[Assignment]
In the records below, find the line that contains "The Medway, apart" and the line that contains "Libraries for Nursing"; write out exactly those two lines and everything between them, without the pictures.

[Data to examine]
━━━━━━━━

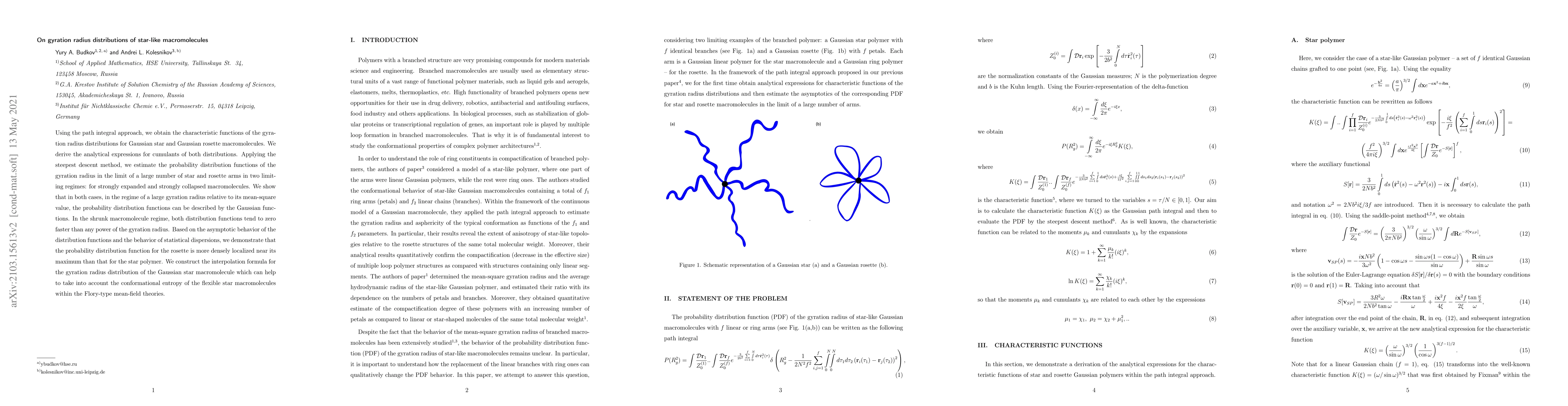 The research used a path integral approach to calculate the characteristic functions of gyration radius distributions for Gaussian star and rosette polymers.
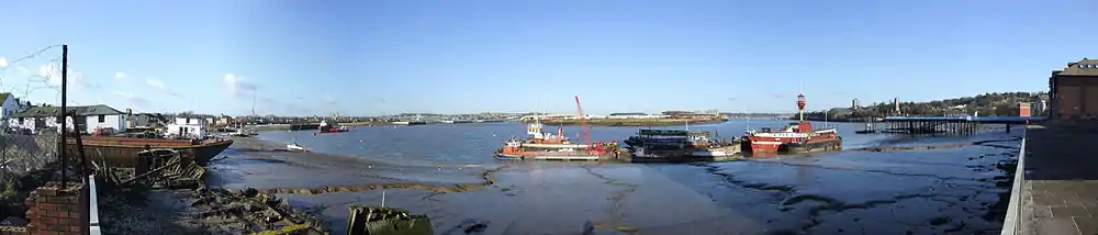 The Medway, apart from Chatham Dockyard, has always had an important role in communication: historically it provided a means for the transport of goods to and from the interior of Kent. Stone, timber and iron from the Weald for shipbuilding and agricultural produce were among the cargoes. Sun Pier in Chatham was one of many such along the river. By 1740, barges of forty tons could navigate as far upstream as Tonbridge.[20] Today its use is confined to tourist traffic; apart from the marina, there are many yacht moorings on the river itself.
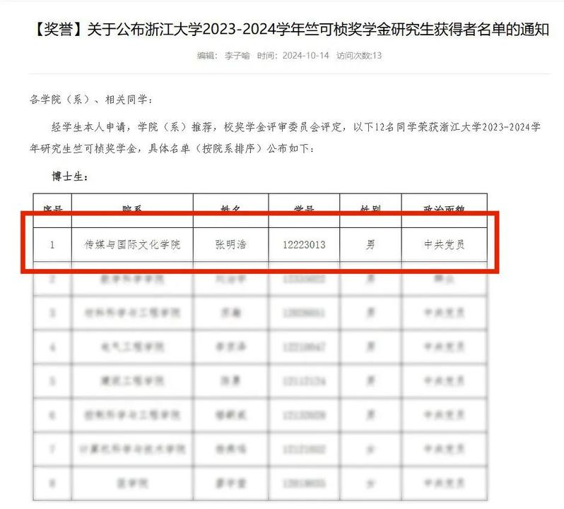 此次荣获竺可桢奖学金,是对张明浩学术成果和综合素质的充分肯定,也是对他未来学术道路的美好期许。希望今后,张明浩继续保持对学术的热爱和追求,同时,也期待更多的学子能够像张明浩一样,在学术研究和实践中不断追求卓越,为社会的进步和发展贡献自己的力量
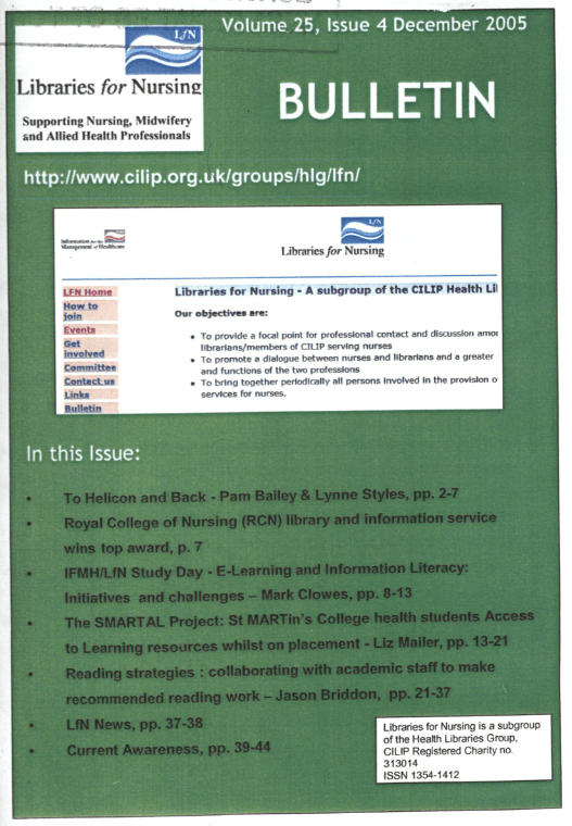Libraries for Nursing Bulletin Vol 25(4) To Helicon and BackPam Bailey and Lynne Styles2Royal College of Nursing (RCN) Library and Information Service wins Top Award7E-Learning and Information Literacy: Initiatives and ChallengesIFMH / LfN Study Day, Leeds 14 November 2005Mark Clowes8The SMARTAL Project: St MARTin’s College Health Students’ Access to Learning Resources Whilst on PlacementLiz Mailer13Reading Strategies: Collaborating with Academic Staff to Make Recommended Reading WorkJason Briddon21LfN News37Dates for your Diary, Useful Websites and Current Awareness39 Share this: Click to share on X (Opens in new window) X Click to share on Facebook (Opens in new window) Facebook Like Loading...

━━━━━━━━

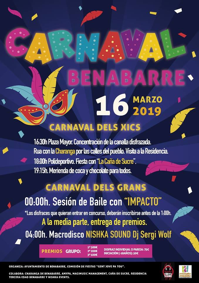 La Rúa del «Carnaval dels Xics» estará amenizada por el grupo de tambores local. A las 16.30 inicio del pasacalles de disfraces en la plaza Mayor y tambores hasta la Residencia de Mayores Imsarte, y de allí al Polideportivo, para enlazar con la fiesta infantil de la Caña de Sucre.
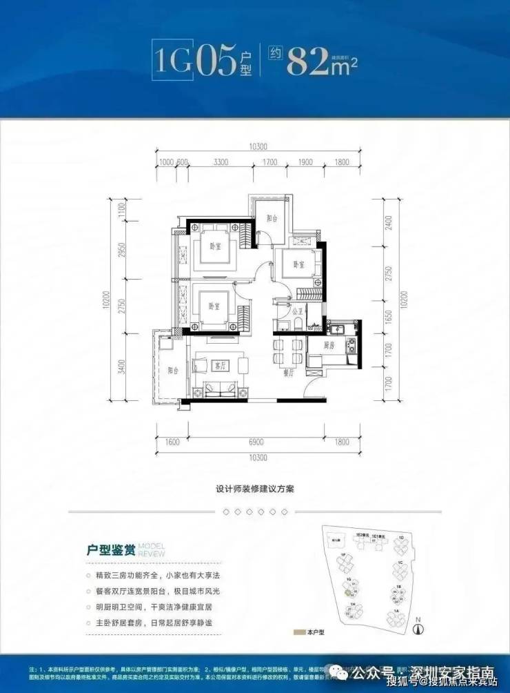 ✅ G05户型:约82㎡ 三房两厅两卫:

━━━━━━━━

[Task response]
 The Medway, apart from Chatham Dockyard, has always had an important role in communication: historically it provided a means for the transport of goods to and from the interior of Kent. Stone, timber and iron from the Weald for shipbuilding and agricultural produce were among the cargoes. Sun Pier in Chatham was one of many such along the river. By 1740, barges of forty tons could navigate as far upstream as Tonbridge.[20] Today its use is confined to tourist traffic; apart from the marina, there are many yacht moorings on the river itself.
 此次荣获竺可桢奖学金,是对张明浩学术成果和综合素质的充分肯定,也是对他未来学术道路的美好期许。希望今后,张明浩继续保持对学术的热爱和追求,同时,也期待更多的学子能够像张明浩一样,在学术研究和实践中不断追求卓越,为社会的进步和发展贡献自己的力量
Libraries for Nursing Bulletin Vol 25(4) To Helicon and BackPam Bailey and Lynne Styles2Royal College of Nursing (RCN) Library and Information Service wins Top Award7E-Learning and Information Literacy: Initiatives and ChallengesIFMH / LfN Study Day, Leeds 14 November 2005Mark Clowes8The SMARTAL Project: St MARTin’s College Health Students’ Access to Learning Resources Whilst on PlacementLiz Mailer13Reading Strategies: Collaborating with Academic Staff to Make Recommended Reading WorkJason Briddon21LfN News37Dates for your Diary, Useful Websites and Current Awareness39 Share this: Click to share on X (Opens in new window) X Click to share on Facebook (Opens in new window) Facebook Like Loading...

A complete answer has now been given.